Though over 15 million people of Bangladesh work abroad and most of them remit their income to the country through hundi. It is not that letting the market to fix the dollar price will provide a solution to the problem. If the hundi structure remains strong, whatever be the price of dollars in the market, the hundi traders will always be in a position to pay Tk 7-8 more for each dollar than the formal channels. The money launderers have been keeping the hundi dollar demand strong. That is why capital flight has turned into the prime problem for the country. The number of money launderers will not be more than several thousands. Most of them belong to the upper middle class, upper class and “elite” section of the Bangladeshi society.
It cannot be said that they are compelled to launder money abroad due to economic strains. Despite their belonging to the social, political and economic “elites” of Bangladesh, they are taking initiatives to migrate from the country for more peace. Most of them are corrupt bureaucrats, businesspersons and industrialists (a number of them are apparel factory owners), engineers and political leaders. Their “common characteristics” include most of them are “black money owners”, owners of higher quality city properties, or owners of factories and industries who have the power to secure bank loans.

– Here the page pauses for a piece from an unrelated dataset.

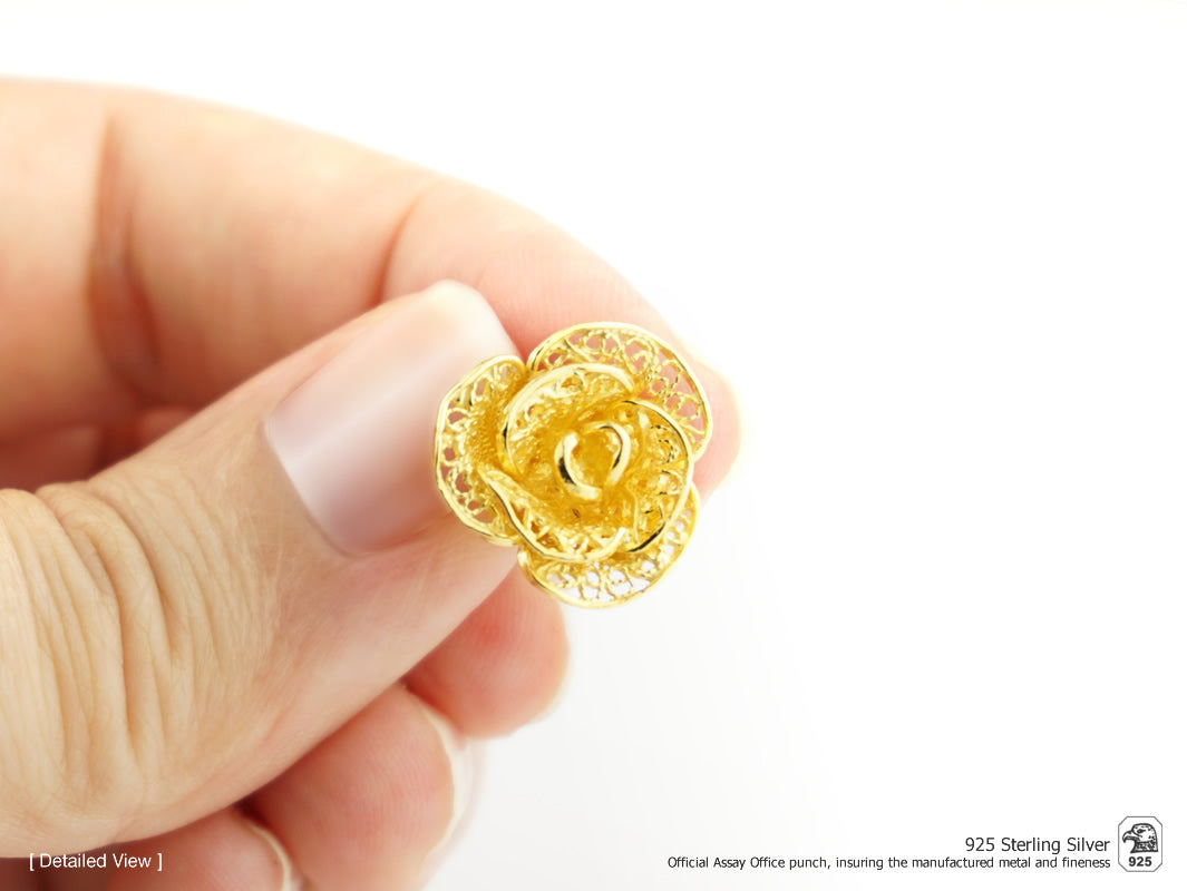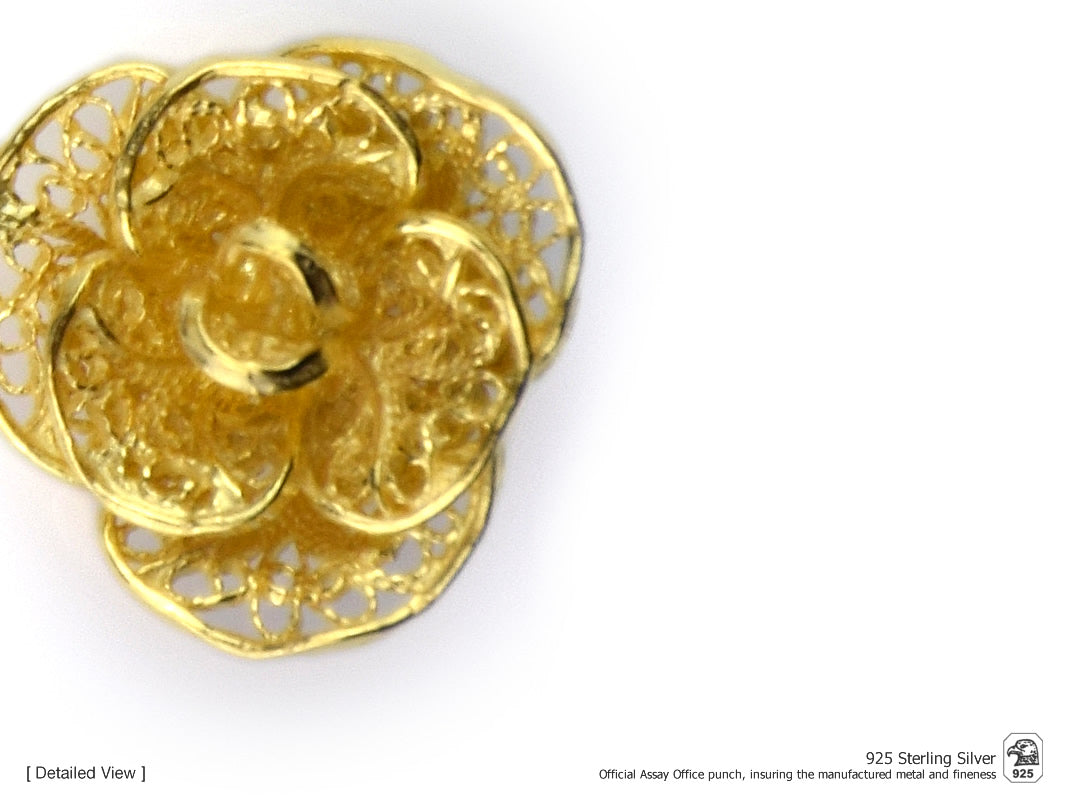 Brincos Flores Elaboradas Médias, Filigrana Portuguesa, Prata de Lei 925 Dourada

I have been terming them as the “number 1 enemies of the nation” in my write-ups. Terming them as “enemy of the people” would not have been reasonable had they been involved in the migration process by selling their inherited properties hoping to get foreign citizenship. Neither it would have been appropriate to scold them had they decided to migrate abroad along with their families by selling their properties bought in the country from the savings from their legal income.
But I called them ‘enemies of the nation’, those who borrow from banks misusing the banking system of the country and do not pay the loans year after year and launder those money abroad. They are playing the role of bank looters as ‘willful loan defaulters’. They engage in the process of fleeing to foreign countries after looting billions of taka from banks using their political identity. They have amassed black money through looting capital and corruption, which has been the number 1 problem in 52 years of post-independence Bangladesh, and they are laundering that money to the US, Canada, the UK, Australia, Singapore, Malaysia and Dubai. They are building their second home in Malaysia and Begumpara in Toronto, Canada.
The government must accept as soon as possible that capital flight will not drop and the inflow of remittance will not increase unless the hundi business is prevented with an iron hand. Otherwise, earnings from exports and remittances will fall short of meeting the deficit in the balance of trade, and that is why the country will need to spend the foreign currency reserve to meet the deficit of the current account of the balance of payment, meaning that reserve will continue to shrink.
The masterminds of this ring, money launders and hundi traders are taking advantage. Since most expatriates are choosing hundi to send money home, capital flight through hundi from Bangladesh has reached a great danger level. Bangladesh's government must immediately adopt a policy against corruption, looting of money and capital flight to prevent the fall of foreign exchange reserves and to rein in the dollar crisis. That means, on the one hand, stern action must be taken against hundi traders, and on the other hand implementation of a zero-tolerance policy against corruption and looting capital must start.